Achieving rich results does more than improve visibility in the SERP. They surface clear, structured facts that machines can easily extract. In retrieval-augmented generation (RAG) environments, where AI systems retrieve information before generating answers, those structured facts make your content easier to identify, interpret, and cite.
In other words, the same markup that enables rich results also helps AI systems retrieve reliable information from your pages.

Use entity-centric identifiers consistently
A consistent @id across your site ensures AI systems recognize and link the same entity wherever it appears. The @id is a unique identifier within your schema markup, typically a URL, that represents a specific entity such as your organization, a product, or a location. By using the same @id each time that entity appears in your markup, you signal that all references point to the same thing.
This consistency helps reduce fragmentation and supports a coherent, disambiguated understanding of your entities across your entire site.
Match schema markup to visible content
Schema markup must reflect the actual content on the page. Mismatches between schema markup and page content (known as schema drift) can reduce trust and eligibility for AI-driven/SEO features.
Include detailed attributes that matter to AI
For products, include price, availability, and ratings. For articles, include author and publish date.
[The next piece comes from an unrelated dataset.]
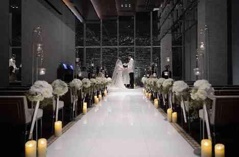 某映画の世界観がお好きなお二人 ザ・アクアチャペルのナイトウェディングの雰囲気を気に入ってくださった キャンドルウェディングを行いました。チャペルでのお時間をたっぷりとって親御様への感謝のお気持ちを伝えるようにしました
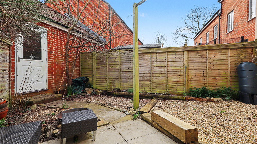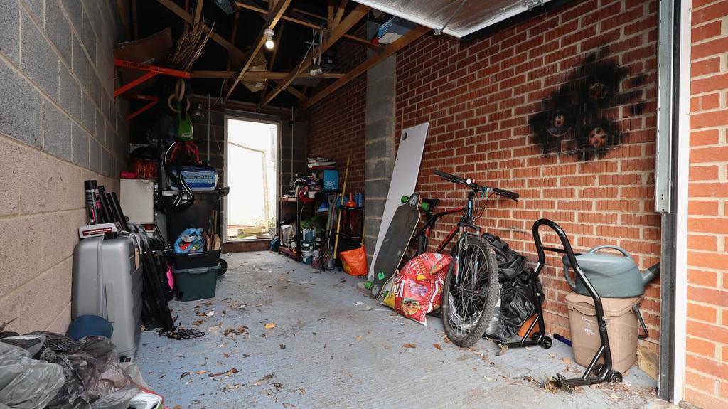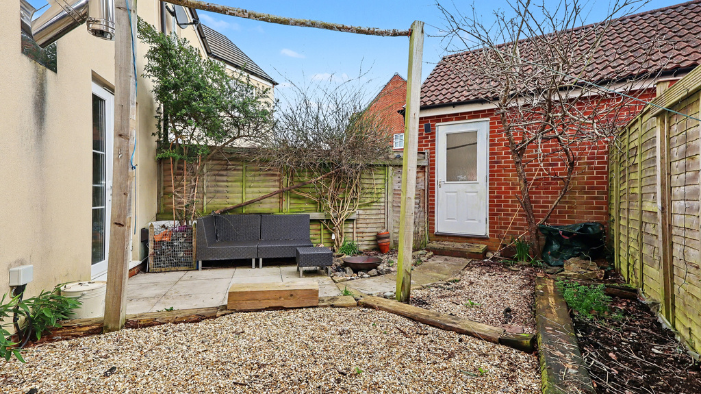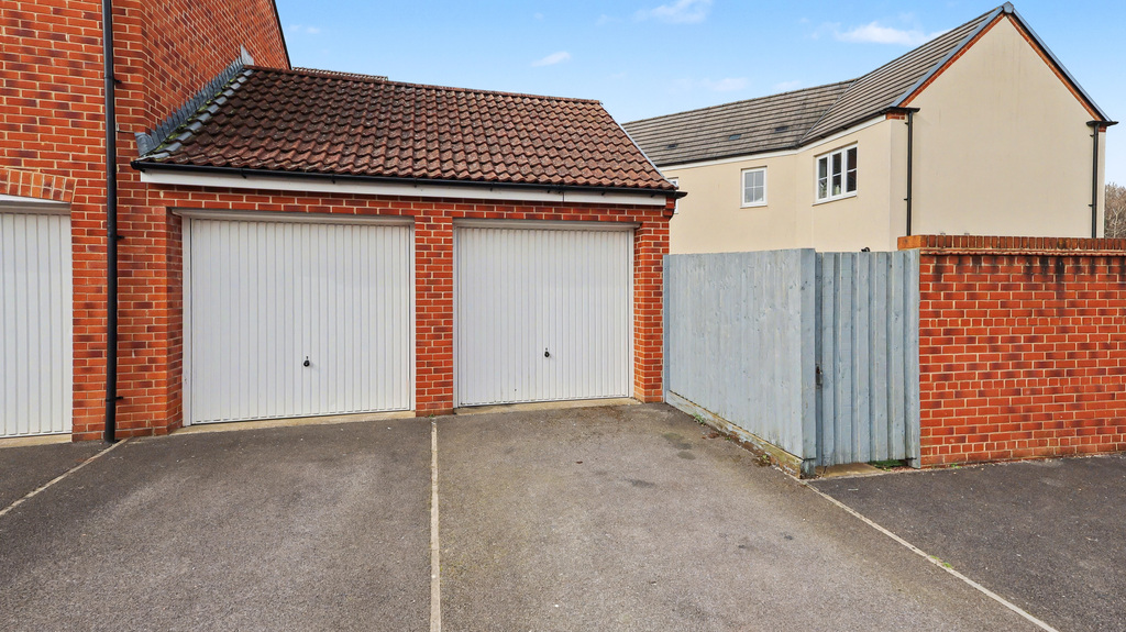 - A patio area adjoins the property, while a personal door allows access into the single garage, in front of which is a single parking space.

For services and solutions, define the provider, area served, service type, and the specific problems or industries addressed so AI systems can accurately understand who you serve and how you deliver value.
Build connected relationships with linked data
Link your entities, both internally (to your organization’s internal entities) and externally (to sources such as Wikipedia, Wikidata, and Google’s Knowledge Graph), where appropriate, to establish clear contextual relationships. This helps AI systems understand how your content entities connect within your domain.
Monitor and validate regularly
AI search continues to evolve. Use testing tools like Google’s Rich Results Test and Schema.org validator to identify issues and verify that your schema markup remains accurate and complete.
Integrate schema markup into broader content strategy
Schema markup is not standalone. It should complement high-quality content, strong internal linking, and a topic authority approach that positions your brand as a trusted source.
How to add structured data markup on Wix
Wix websites have advanced SEO features that include automated structured data generation and AI agents to help you improve implementation. Wix websites automatically add structured data that makes your website eligible for rich results, and that’s whether you’re using Wix, Wix Studio, or Wix Harmony. Automated structured data is triggered when you use these page types:
Wix Stores product pages
Wix Blog posts
Wix Events pages
Wix Portfolio
Online programs list pages
Local business markup
Sitelinks search box
Wix Video
Advanced users add and update custom structured data via Wix SEO Settings, and can get support from the Wix’s agentic assistant Aria.
This is a solid start for most site owners, but if you’d like to make the most of schema markup, check out the full guide to adding and customizing structured data on Wix.
A strategic data layer for AI-driven discovery
Schema markup today is more than an SEO technique. It’s a strategic data layer that shapes how AI systems interpret, trust, and reuse your content. When you make your entities and relationships explicit, you make your brand part of the AI knowledge ecosystem rather than an afterthought.